### PROBLEM TO SOLVE:
In the entries below, begin at the line with "ende oben ·" and stop after the line with "월정교의 가장 매력적인"; output those lines exactly and omit the pictures.
=== EXERCISE INPUT ===
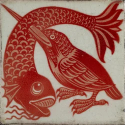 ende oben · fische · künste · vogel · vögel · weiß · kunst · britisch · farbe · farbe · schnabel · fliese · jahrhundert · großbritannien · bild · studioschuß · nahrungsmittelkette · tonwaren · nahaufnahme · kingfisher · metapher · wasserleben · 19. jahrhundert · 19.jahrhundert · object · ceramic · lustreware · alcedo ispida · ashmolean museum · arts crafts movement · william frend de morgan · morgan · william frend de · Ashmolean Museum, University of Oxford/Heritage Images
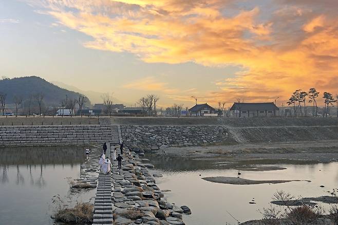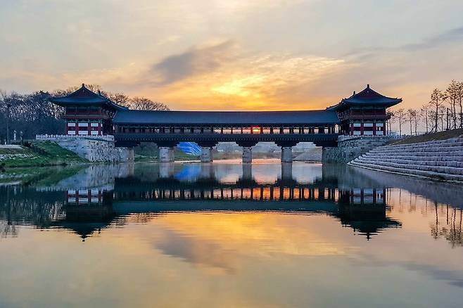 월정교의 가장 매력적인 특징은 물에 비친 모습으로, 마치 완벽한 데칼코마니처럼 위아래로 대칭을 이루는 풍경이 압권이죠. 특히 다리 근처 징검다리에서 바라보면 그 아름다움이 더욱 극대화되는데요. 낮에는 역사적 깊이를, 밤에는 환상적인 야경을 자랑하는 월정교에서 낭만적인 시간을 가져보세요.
===
=== EXERCISE INPUT ===
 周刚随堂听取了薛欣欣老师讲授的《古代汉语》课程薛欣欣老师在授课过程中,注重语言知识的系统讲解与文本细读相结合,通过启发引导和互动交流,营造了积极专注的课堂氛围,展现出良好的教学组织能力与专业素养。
===
### ANSWER SPACE:
 ende oben · fische · künste · vogel · vögel · weiß · kunst · britisch · farbe · farbe · schnabel · fliese · jahrhundert · großbritannien · bild · studioschuß · nahrungsmittelkette · tonwaren · nahaufnahme · kingfisher · metapher · wasserleben · 19. jahrhundert · 19.jahrhundert · object · ceramic · lustreware · alcedo ispida · ashmolean museum · arts crafts movement · william frend de morgan · morgan · william frend de · Ashmolean Museum, University of Oxford/Heritage Images
 월정교의 가장 매력적인 특징은 물에 비친 모습으로, 마치 완벽한 데칼코마니처럼 위아래로 대칭을 이루는 풍경이 압권이죠. 특히 다리 근처 징검다리에서 바라보면 그 아름다움이 더욱 극대화되는데요. 낮에는 역사적 깊이를, 밤에는 환상적인 야경을 자랑하는 월정교에서 낭만적인 시간을 가져보세요.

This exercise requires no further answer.